Blog by Sumana Harihareswara, Changeset founder
Hmm, Jeana's thinking of taking Russian! When I did it,…
Hi, reader. I wrote this in 2002 and it's now more than five years old. So it may be very out of date; the world, and I, have changed a lot since I wrote it! I'm keeping this up for historical archive purposes, but the me of today may 100% disagree with what I said then. I rarely edit posts after publishing them, but if I do, I usually leave a note in italics to mark the edit and the reason. If this post is particularly offensive or breaches someone's privacy, please contact me.

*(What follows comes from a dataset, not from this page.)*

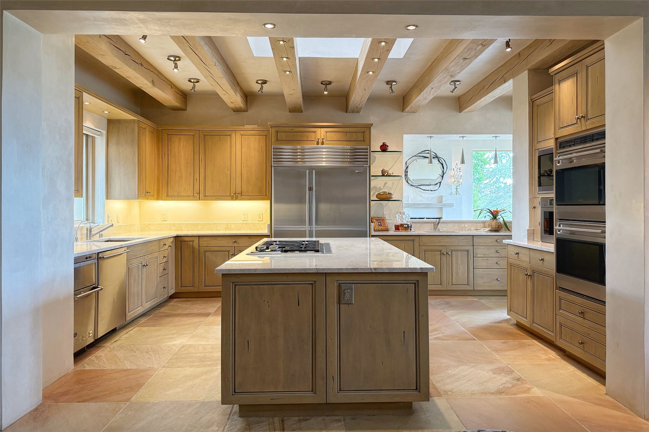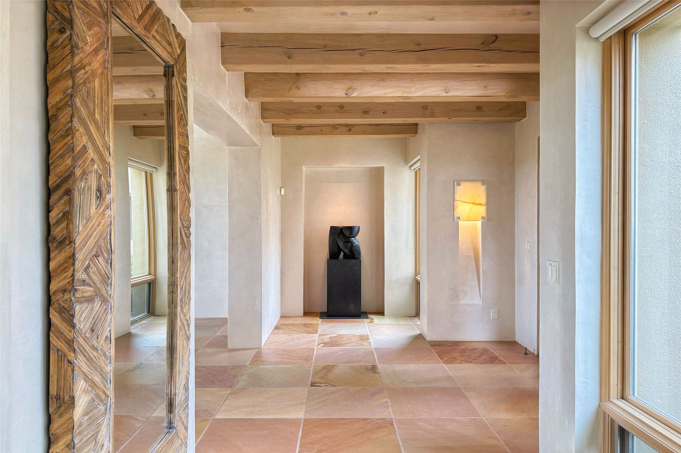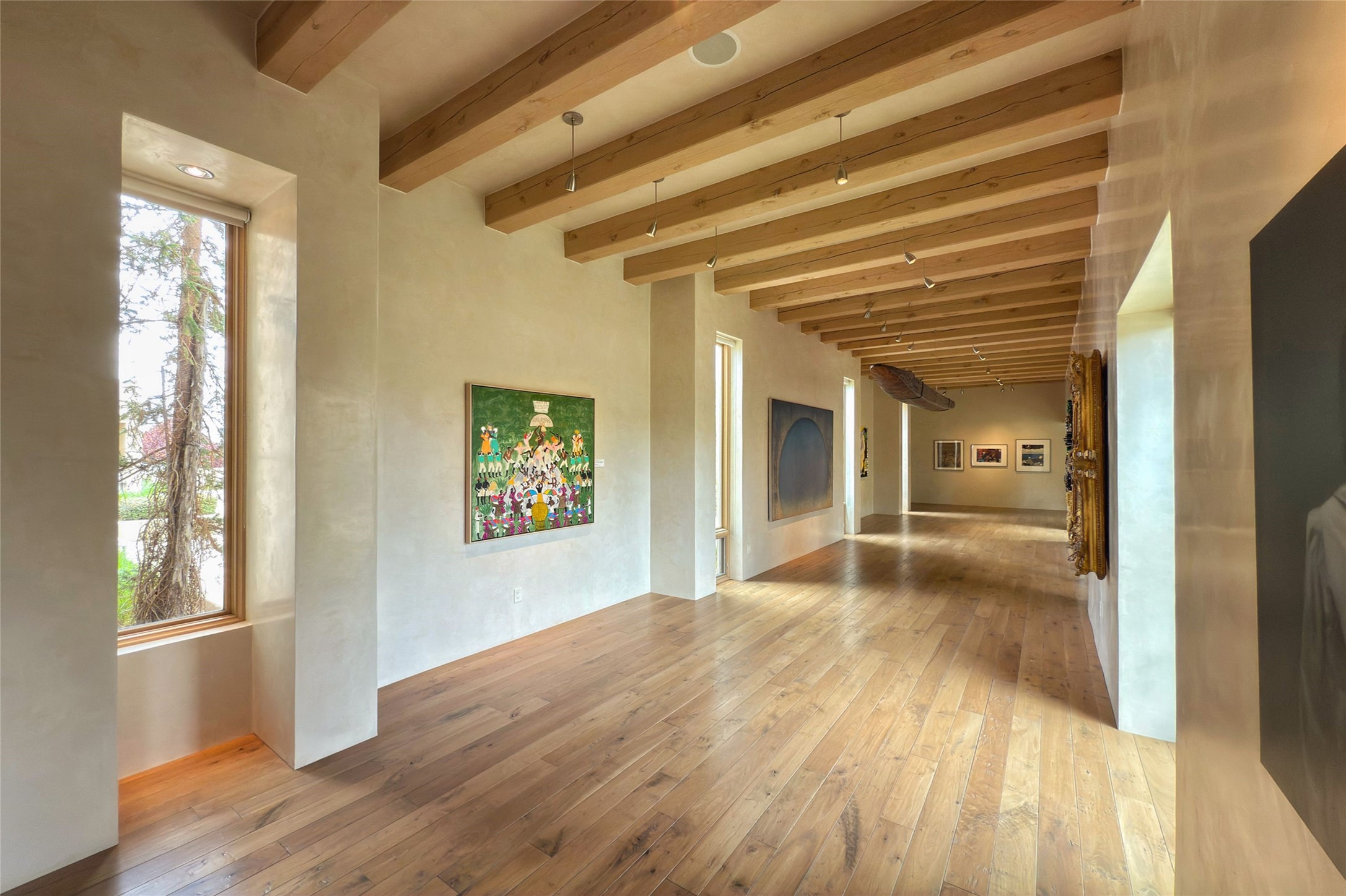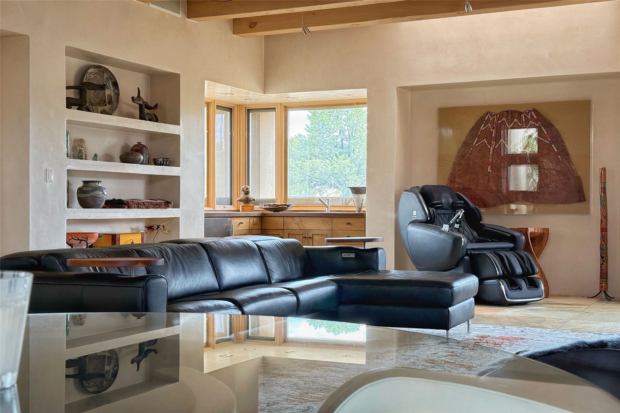 Prestigious Las Campanas Estate. Sophisticated Soft Contemporary on a Double Lot- over 3 acres for privacy.Welcome to an extraordinary estate built by Kim Dressel. Featuring a circular front drive, enclosed zen-like courtyard, and large separate motor court. With sweeping Sangre de Cristo views, this masterpiece blends elegance with tranquility and superb attention to detail. The entire residence is filled with natural light and augmented with custom lighting to showcase the art lover's collection.Interiors are graced with vigas and Desert Indian Sandstone floors. A total of 9 fireplaces (indoor and outdoor) provide warmth and charm. A generous entry hall, framed with alabaster sculptural lighting opens to the Great Room, anchored with a center fireplace and inspired by a bank of floor to ceiling windows that showcase the Sangre de Cristos. This space flaunts soaring ceilings and clerestory windows that flood the space with light. A gourmet kitchen features a large center island with Taj Mahal countertops, Sub-Zero/Wolf appliances, and opens to adjoining formal dining area and a cozy family room. A lavish primary suite offers a fireplace and an east facingportal complete with hot tub, fireplace and mountain views. Primary bath includes dual vanities, steam shower, soaking tub, dry sauna and custom closet. Adjacent home gym for convenience. Transition to the second wing through an impressive Gallery Hall designed for private art collections, exhibits and concert entertaining. A dedicated wine tasting space and sculpture garden complete the gallery.The secondary residence area includes large media room,office, two ensuite bedrooms with fireplaces and patios.Multiple outdoor spaces for indoor/outdoor living and entertaining including a deep covered portal with skylights, water feature, built-in grill and banco seating.Sparing no expense, this architectural gem delivers high-end fit and finishes throughout. The ultimate in style and serene luxury.

Hmm, Jeana's thinking of taking Russian! When I did it, I chose Russian on rather a whim. (Japanese and Chinese were too popular; that was part of it.) And now I've been to Russia and I took five semesters (wow!) of Russian, and now when I read Crime and Punishment I wish I had the original text next to it so I could see what the translator is pulling on me.
Hey, in case you're going to Russia: the verb for "to eat" that the textbooks and teachers taught me here, yest', is tough to conjugate and I end up saying "he's going" instead of "he's eating" half the time. The verb that I heard the most in Russia, kushat', is easy to conjugate. And, since regular people say it all the time, it's more folkloric! Or something.